*** Provided data ***

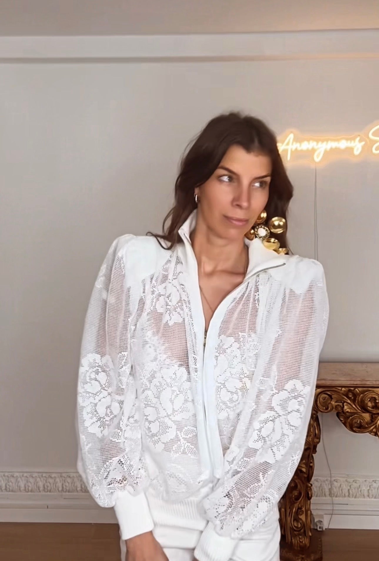 Fecho de correr frontal dourado .
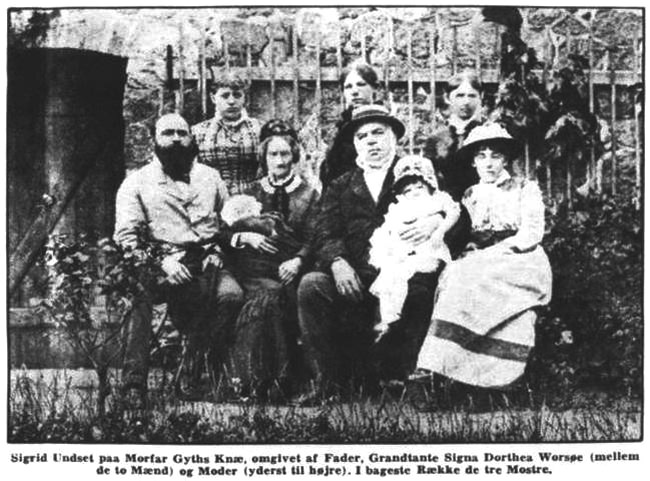 Сигрид Унсет родилась в доме семьи Гют, здесь же она провела первый год своей жизни. Здесь ей было хорошо, «как змейке на солнышке», по ее выражению. Имение принадлежало деду писательницы, советнику Петеру Андреасу Гюту. Большой, серьезный, своей старшей внучке Сигрид он напоминал медведя — особенно ворчанием. Он рано овдовел, и поэтому огромным домом в стиле ампир уже много лет заправляла невестка — или тетя Сигне, как ее звали восемь детей, которым она заменила мать. Мать Сигрид, Шарлотта (полное имя Анна Мария Николина Шарлотта Гют), будучи дочерью одного из самых влиятельных людей Калуннборга, имела возможность получить лучшее образование — она изучала языки в Копенгагене. Там она познакомилась с талантливым уроженцем Трёнделага Ингвальдом Унсетом. Ингвальд с детства мечтал стать ученым. Честолюбивый норвежец, никогда не расстававшийся с книгой, производил впечатление серьезного молодого человека, хотя и не лишенного чувства юмора. Его научные интересы были по большей части обращены в прошлое — он изучал дохристианскую культуру, не забывая, впрочем, о традициях родного Трёнделага. В 1875 году молодому ученому предложили место ассистента при кристианийском Собрании древностей, а год спустя он отправился в свою первую большую заграничную поездку и встретил в Копенгагене Шарлотту Гют. На юную лингвистку огромное впечатление произвели его увлеченность и горячий интерес к датским могильникам, курганам и краеведческим музеям: его занимало абсолютно все, что могло пролить свет на древние языческие времена.
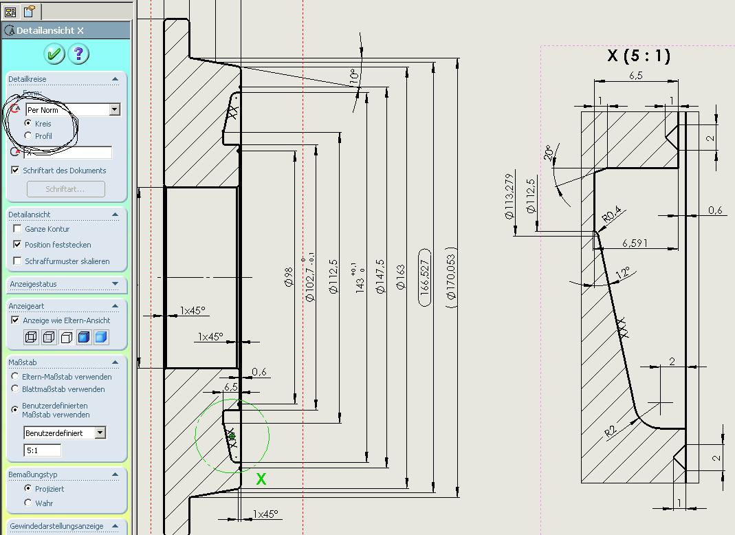 Hallo rawo, Jetzt bin ich verwirrt. Wie möchtest du es denn haben, mit dem Detail? Du kannst ein x-beliebige Form als Detail verwenden, nur die Fantasie setzt da die Grenzen. Einfach eine geschlossene Skizze über dem gewünschen Zeichnungsausschnitt erstellen, die Skizze selektieren, die Detail- Funktion anwählen, und dann von Kreis auf Profil umstellen.
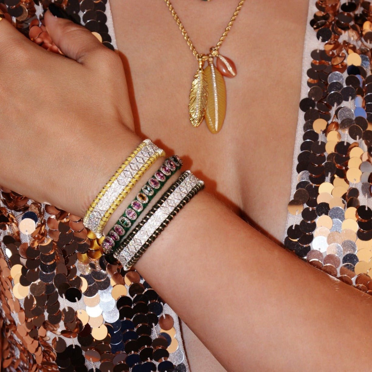 An ethnic piece in the spirit of the famous Brazilian bracelets, which the multiple diamonds and colored stones bring a refinement that will captivate you.
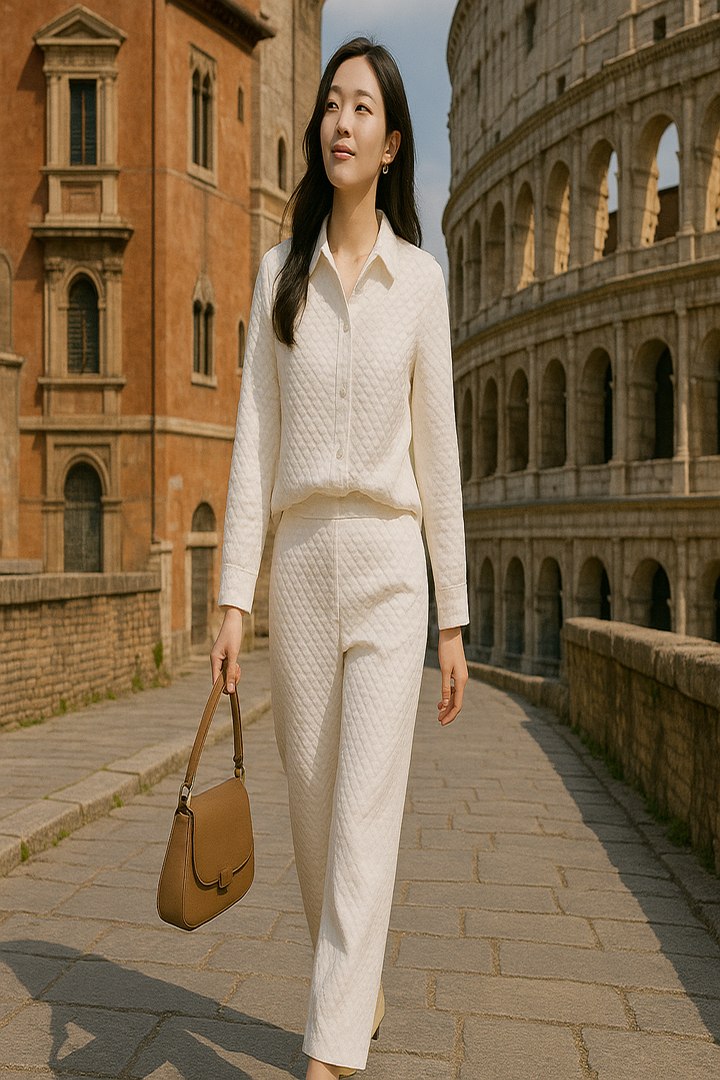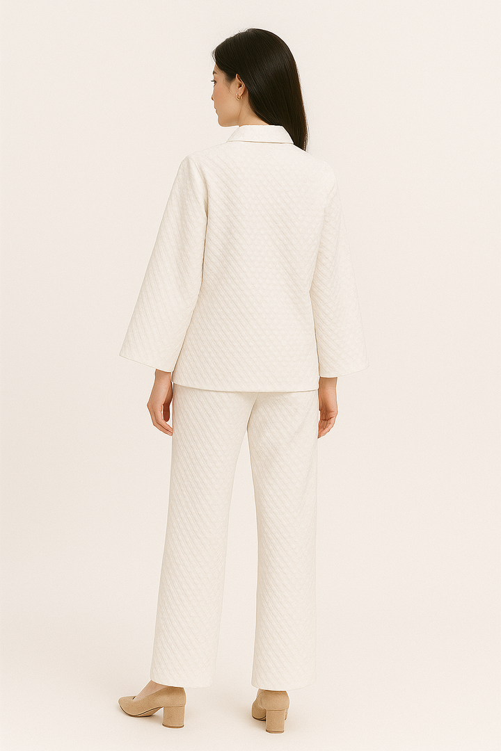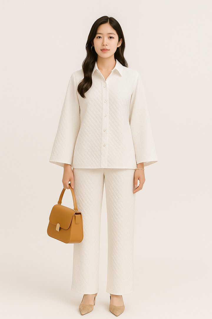 Embrace timeless elegance with the Ivory Grace Coord Set, crafted from breezy textured crinkle fabric that moves with you. Designed for the modern muse, this lightweight two-piece set features a relaxed button-down shirt with loose, airy sleeves and coordinating wide-leg trousers that offer both structure and fluidity.Whether you're strolling through sunlit streets or lounging in quiet luxury, this set effortlessly transitions from day to evening. Style it with gold accents and neutral accessories for a clean, elevated look.

*** End of Provided data ***

* Problem description:
Without any of its images, the data above should be returned exactly.

* Response:
 Fecho de correr frontal dourado .
 Сигрид Унсет родилась в доме семьи Гют, здесь же она провела первый год своей жизни. Здесь ей было хорошо, «как змейке на солнышке», по ее выражению. Имение принадлежало деду писательницы, советнику Петеру Андреасу Гюту. Большой, серьезный, своей старшей внучке Сигрид он напоминал медведя — особенно ворчанием. Он рано овдовел, и поэтому огромным домом в стиле ампир уже много лет заправляла невестка — или тетя Сигне, как ее звали восемь детей, которым она заменила мать. Мать Сигрид, Шарлотта (полное имя Анна Мария Николина Шарлотта Гют), будучи дочерью одного из самых влиятельных людей Калуннборга, имела возможность получить лучшее образование — она изучала языки в Копенгагене. Там она познакомилась с талантливым уроженцем Трёнделага Ингвальдом Унсетом. Ингвальд с детства мечтал стать ученым. Честолюбивый норвежец, никогда не расстававшийся с книгой, производил впечатление серьезного молодого человека, хотя и не лишенного чувства юмора. Его научные интересы были по большей части обращены в прошлое — он изучал дохристианскую культуру, не забывая, впрочем, о традициях родного Трёнделага. В 1875 году молодому ученому предложили место ассистента при кристианийском Собрании древностей, а год спустя он отправился в свою первую большую заграничную поездку и встретил в Копенгагене Шарлотту Гют. На юную лингвистку огромное впечатление произвели его увлеченность и горячий интерес к датским могильникам, курганам и краеведческим музеям: его занимало абсолютно все, что могло пролить свет на древние языческие времена.
 Hallo rawo, Jetzt bin ich verwirrt. Wie möchtest du es denn haben, mit dem Detail? Du kannst ein x-beliebige Form als Detail verwenden, nur die Fantasie setzt da die Grenzen. Einfach eine geschlossene Skizze über dem gewünschen Zeichnungsausschnitt erstellen, die Skizze selektieren, die Detail- Funktion anwählen, und dann von Kreis auf Profil umstellen.
 An ethnic piece in the spirit of the famous Brazilian bracelets, which the multiple diamonds and colored stones bring a refinement that will captivate you.
 Embrace timeless elegance with the Ivory Grace Coord Set, crafted from breezy textured crinkle fabric that moves with you. Designed for the modern muse, this lightweight two-piece set features a relaxed button-down shirt with loose, airy sleeves and coordinating wide-leg trousers that offer both structure and fluidity.Whether you're strolling through sunlit streets or lounging in quiet luxury, this set effortlessly transitions from day to evening. Style it with gold accents and neutral accessories for a clean, elevated look.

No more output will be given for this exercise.